Having decided which criteria I would attempt to satisfy, I began to write the main petition. I would describe the process not as being particularly hard but rather long and tedious. I wrote the main body of the petition on Wednesdays either on the Caltrain or sitting at the back of Alberto’s nightclub in Mountain View before their Bachata social (which I would thoroughly recommend for any interested readers). I leveraged early versions of GPT and Claude to answer questions about specific forms and other legal matters which proved helpful. Assembling the exhibiits for the petition was also time consuming. I have to admit I probably went somewhat overboard in this regard, supplying every academic paper I’d ever coauthored, every email I’d ever received requesting me to review a paper, extensive information about my referees (including their Wikipedia pages), as well as a plethora of information about citation statistics. The last of these exhibits was mainly to provide quantitative support for the EB1A-specific criterion for being at the very top of your field. In sum total my petition counted some 1600 pages and is shown below (my entire PhD thesis was included as a single exhibit!).

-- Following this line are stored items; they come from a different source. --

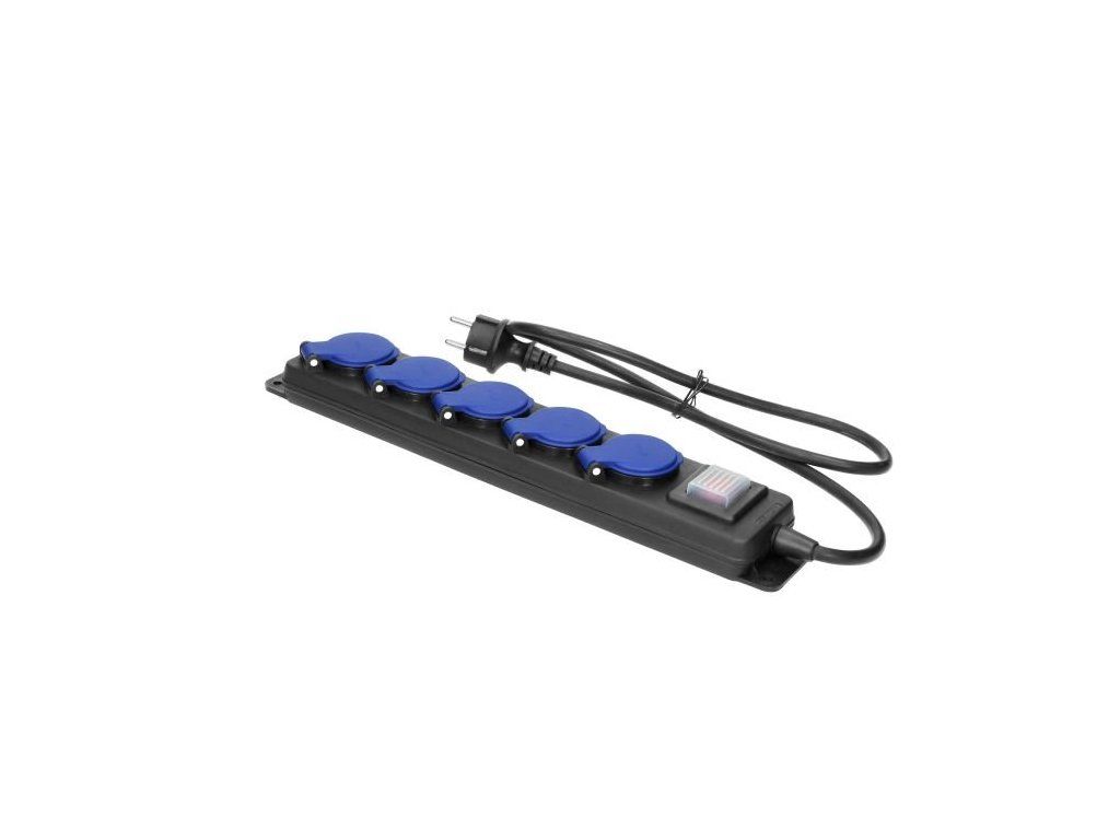 Predlžovacia zásuvka odolná proti striekajúcej vode s vypínačom a káblom o dĺžke 5 m, krytie IP44, je pevné a funkčné zariadenie určené na bezpečné použitie v náročných podmienkach.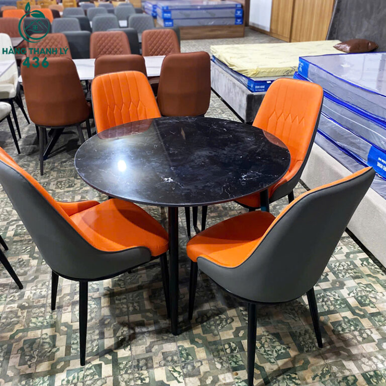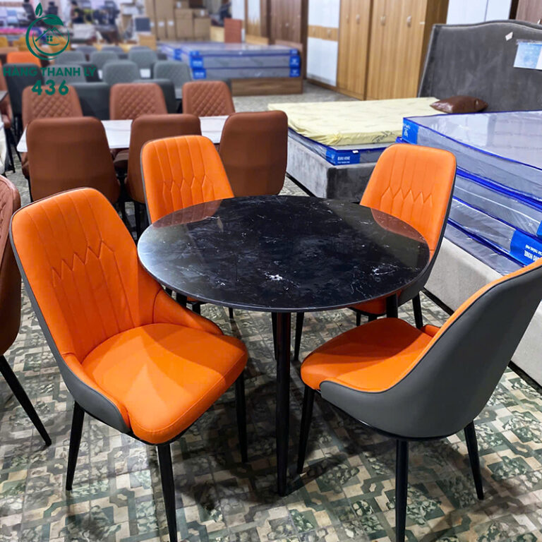 - Chất Liệu: Bàn mặt đá, ghế bọc da màu cam
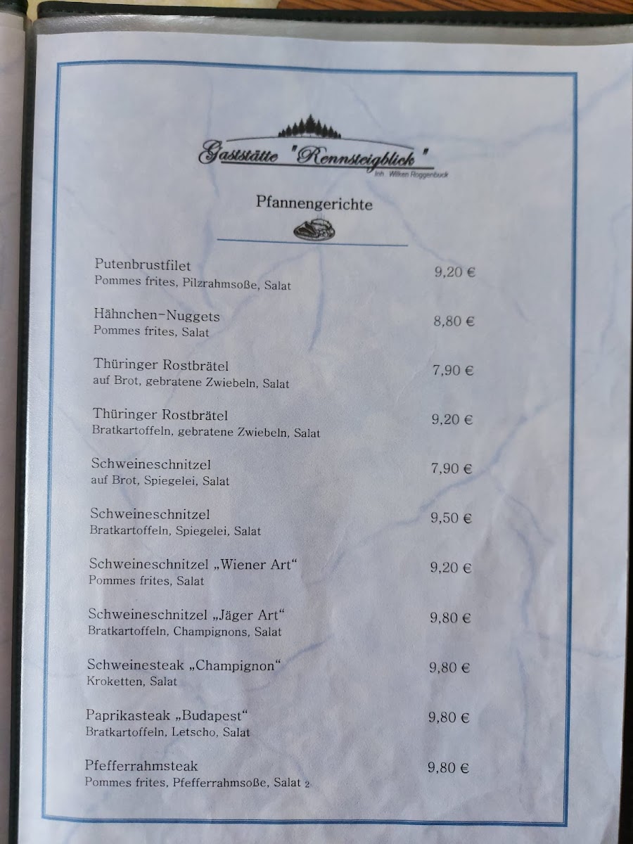 Gaststatte Rennsteigblick - Wilken Roggenbuck is a charming eatery located in Bad Salzungen, Germany. Known for its cozy atmosphere and authentic German cuisine, this family-run establishment prides itself on freshly prepared dishes crafted by the chef himself. Diners rave about the homemade salads and generous portions, perfect for those with a hearty appetite. Many visitors appreciate the warm hospitality and personal touch from the owner, making each meal feel special. Signature offerings, such as Thüringer Rostbrätel and hand-breaded schnitzels, have garnered rave reviews, inviting guests to return time and again for comforting and satisfying meals.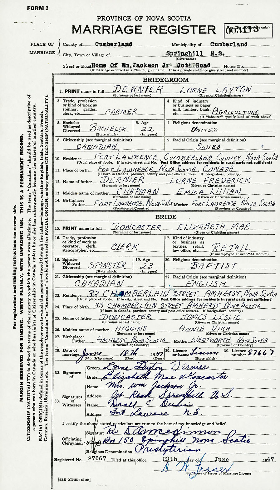 28. Date of marriage June 18 1947 29. By license or banns License 30. License number 87667

A copy of my green card petition
A copy of my green card petition with a 1 gallon carton of milk included for scale.

I sent a digital copy of the petition to an immigration lawyer, Yaming Gao, to check for any obvious errors. Yaming was the same lawyer used by Razvan. Yaming was very efficient and did a great job reviewing the application, charging $200. After completing the required forms, namely the I-14O, I-907 for premium processing, and the G-1145 for e-notification of receipt, I printed two copies of the petition, assembled them into lever arch folders, and mailed them to USCIS via FedEx with the filing fees for each form attached as separate checks. My I-140 was approved within 7 days with premium processing. I receieved the approval just before I travelled to New Orleans to attend NeurIPS 2023.

What Happens Next?

After my I-140 was approved, the road to the green card was still quite long. I submitted the I-485, I-693, and I-765 in February 2024. The main bottleneck here was taking the medical examinations and receiving the vaccinations necessary for the I-693. I recieved notice for my biometrics appointment via mail in late February 2024 and had my fingerprints taken in San Francisco. Although my Employment Authorization Document (EAD card) was approved in June, USPS mailed it to the wrong address and so I never received it. Ensure you keep your address up to date with USCIS! The last time I checked you are required to change address for each active petition (e.g. I-14O vs. I-485). Fortunately, however, I obtained my green card in August 2024 which, as a nice touch, contained the welcome leaflet below.

A copy of my green card petition
A warm welcome to the USA.

The leaflet very helpfully included resources on improving my English language skills as a newly ordained immigrant to the USA. Resources, I no doubt could have made use of when preparing my 1600 page EB1A petition!